§ **Exercise**
Every line of the material must be given again verbatim. Skip the images.

§ **Supplied data**
+++

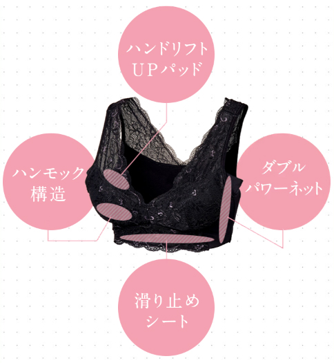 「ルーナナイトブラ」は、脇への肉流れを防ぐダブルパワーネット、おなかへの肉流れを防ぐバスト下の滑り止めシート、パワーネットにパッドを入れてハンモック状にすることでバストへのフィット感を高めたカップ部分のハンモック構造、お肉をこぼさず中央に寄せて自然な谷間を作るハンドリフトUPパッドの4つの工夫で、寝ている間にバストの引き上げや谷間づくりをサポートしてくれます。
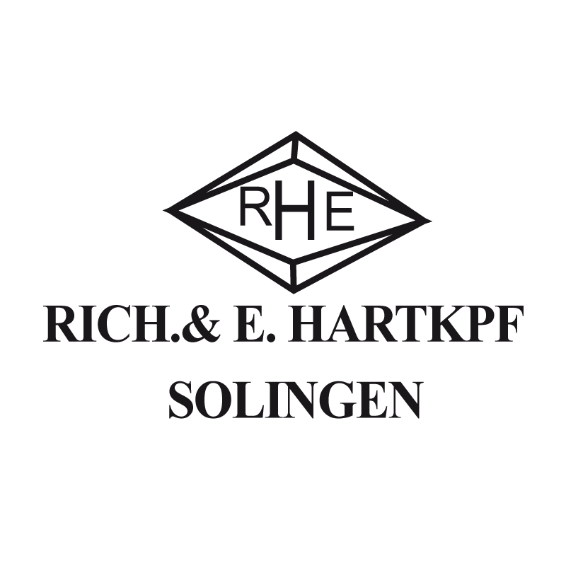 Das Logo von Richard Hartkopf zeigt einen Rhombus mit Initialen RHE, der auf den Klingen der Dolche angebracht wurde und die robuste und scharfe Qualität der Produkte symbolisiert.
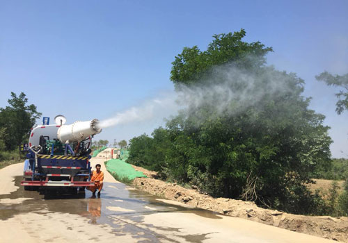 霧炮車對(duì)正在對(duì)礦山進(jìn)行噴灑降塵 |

+++

§ **Output for this task**
 「ルーナナイトブラ」は、脇への肉流れを防ぐダブルパワーネット、おなかへの肉流れを防ぐバスト下の滑り止めシート、パワーネットにパッドを入れてハンモック状にすることでバストへのフィット感を高めたカップ部分のハンモック構造、お肉をこぼさず中央に寄せて自然な谷間を作るハンドリフトUPパッドの4つの工夫で、寝ている間にバストの引き上げや谷間づくりをサポートしてくれます。
 Das Logo von Richard Hartkopf zeigt einen Rhombus mit Initialen RHE, der auf den Klingen der Dolche angebracht wurde und die robuste und scharfe Qualität der Produkte symbolisiert.
 霧炮車對(duì)正在對(duì)礦山進(jìn)行噴灑降塵 |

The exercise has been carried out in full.